2018 National Ryan White Conference Highlights Data and Innovation to End the HIV Epidemic

Approximately 4,000 HIV healthcare providers, HRSA’s Ryan White HIV/AIDS Program recipients and subrecipients, partners, people living with HIV (PLWH), other stakeholders, and members of the general public gathered for the 2018 National Ryan White Conference on HIV Care & Treatment. The biennial event, hosted by the Health Resources and Services Administration’s (HRSA) HIV/AIDS Bureau (HAB), was held December 9–14, 2018, at the National Harbor in Oxon Hill, Maryland. The National Ryan White Conference’s theme was “Catalyzing Success: Advancing Innovation. Leveraging Data. Ending the HIV Epidemic.”

The National Ryan White Conference’s primary goals were to learn and share best-practice models and strategies that reduce new HIV infections; expand access to high-quality, life-extending HIV care and treatment without stigma or discrimination; reduce HIV-related health disparities; and improve HIV treatment outcomes. The National Conference consisted of six session tracks, four plenaries, 240 presentations, and nearly 200 poster sessions. Many of the presentations demonstrated how recipients of HRSA’s RWHAP are working within their communities to catalyze innovative strategies and models of care to improve and integrate engagement, services, and treatment for PLWH across the HIV care continuum. The continued implementation of these effective models and strategies supports the goal of HRSA’s RWHAP to end the HIV epidemic.

U.S. Department of Health and Human Services Secretary Alex Azar and HRSA Administrator Dr. George Sigounas delivered powerful messages about the success of the Ryan White HIV/AIDS Program. HHS Secretary Azar shared that the “frontlines of the fight against HIV” are where Ryan White HIV/AIDS Program recipients work every day, and he thanked attendees for their dedication to this challenge. Dr. Sigounas noted that RWHAP recipients “are the local, state, and national leaders translating the latest science into practice, providing direct patient services, and using data to drive services and deliver HIV care.” He concluded by observing that there are a significant number of people “who are out of care and undiagnosed who need our care and support.” Dr. Anthony Fauci, Director, National Institute of Allergy and Infectious Diseases, ended the plenary session on the National Conference’s opening day by emphasizing the advances that have been made in HIV care and that the results within the RWHAP are unprecedented.

As the 2018 National Conference continued, other plenary sessions highlighted how Ryan White HIV/AIDS Program recipients leverage data and innovative tools to improve models of care and address populations who face disparities, including individuals with undiagnosed HIV and those not receiving HIV care and treatment.
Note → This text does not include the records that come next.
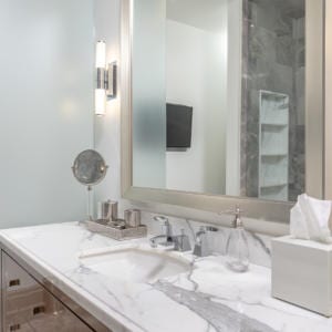 The fabulous split bedroom floor plan features a spacious master suite with a large walk-in closet and spa-inspired ensuite bathroom with marble counters and shower. The second bedroom has a four-piece ensuite bathroom, two closets and a second walk-out to the balcony.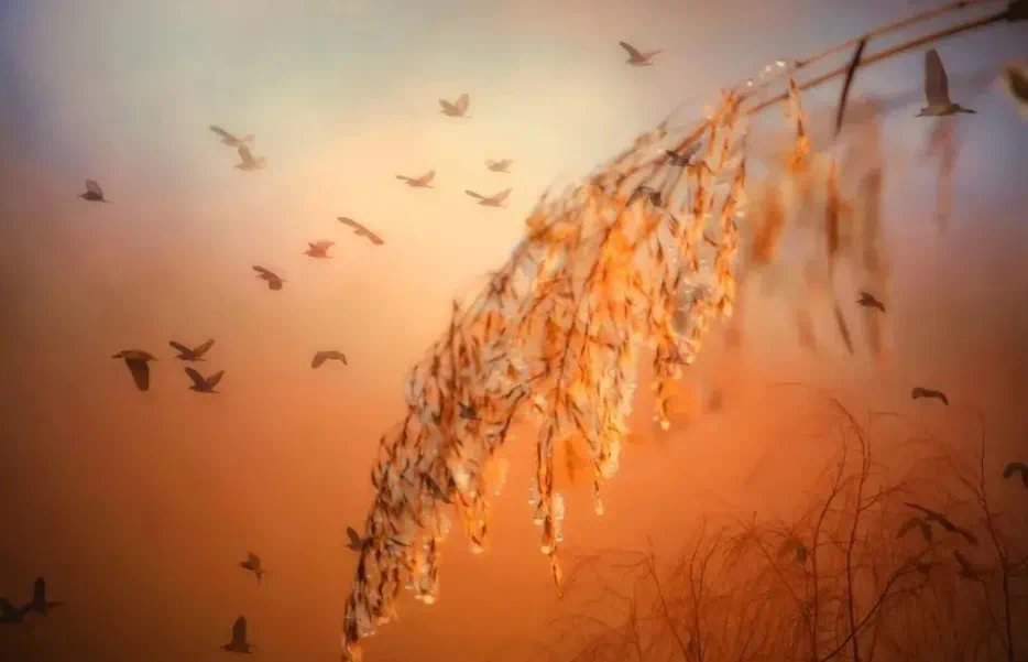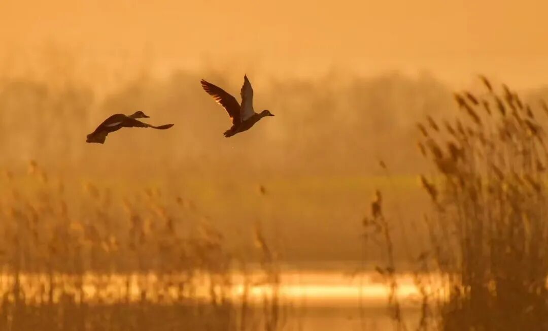 在夕阳的余晖下演绎着属于它们的舞蹈
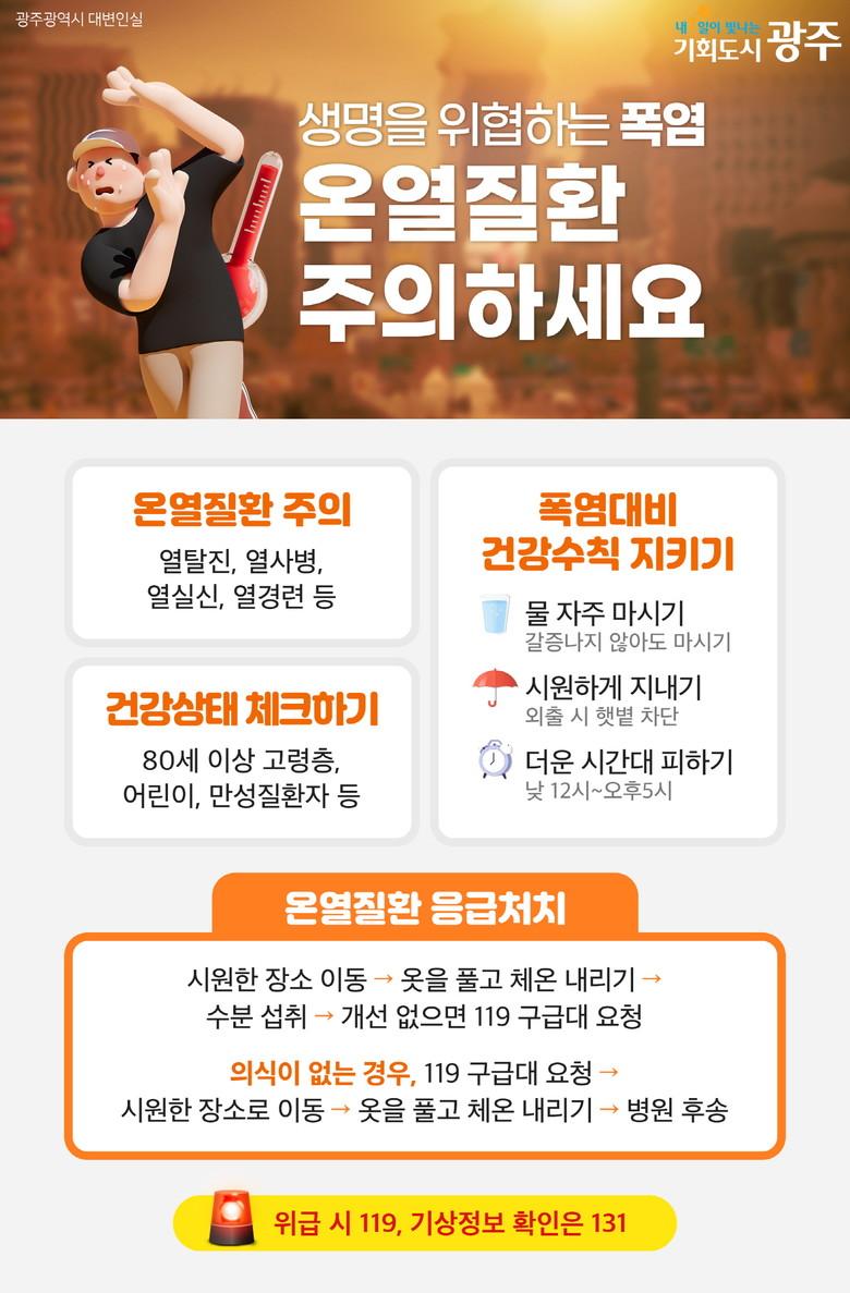 광주광역시(시장 강기정)는 지난 5월 20일부터 온열질환자를 관리하기 위해 응급실 운영 의료기관 26곳을 통해 온열질환자 발생 현황을 확인하는 ‘온열질환 응급실 감시체계’를 운영하고 있다.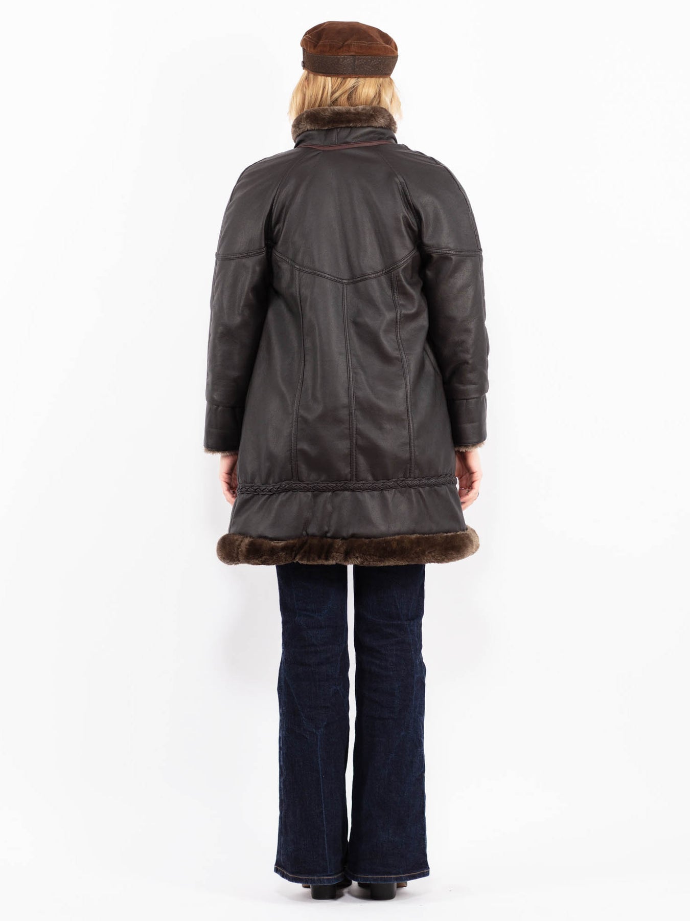 Vintage 90's Women Faux Leather Coat in Dark Brown

During the biennial event, the Annual Client-Level Data Report: Ryan White HIV/AIDS Program Services Report, 2017 was released. The report features Ryan White HIV/AIDS Program Services Report (RSR) data about all clients served by the RWHAP during calendar years 2013 through 2017. The publication provides an in-depth look at demographic and socioeconomic characteristics of RWHAP populations served, including age, race, ethnicity, transmission risk category, federal poverty level, health care coverage, and housing status.

To kick off the opening plenary, Dr. Laura Cheever, Associate Administrator for HRSA HAB, provided a “first look” at the latest data, including continued improvement in viral suppression among RWHAP clients. In 2017, 85.9 percent of RWHAP clients who received medical care for HIV were virally suppressed, up from 69.5 percent in 2010. Dr. Cheever also highlighted that—

  • The demographics of RWHAP are changing. People are living with HIV longer, and those who comprise a greater proportion of those receiving RWHAP services are aged 45 years and older—around 60 percent—or a 10 percent increase from 2010.
  • Disparity gaps have been reduced markedly with across-the-board improvements in viral suppression across states, racial/ethnic populations, gender, and age groups.
  • Despite progress, disparities persist, particularly in southern states.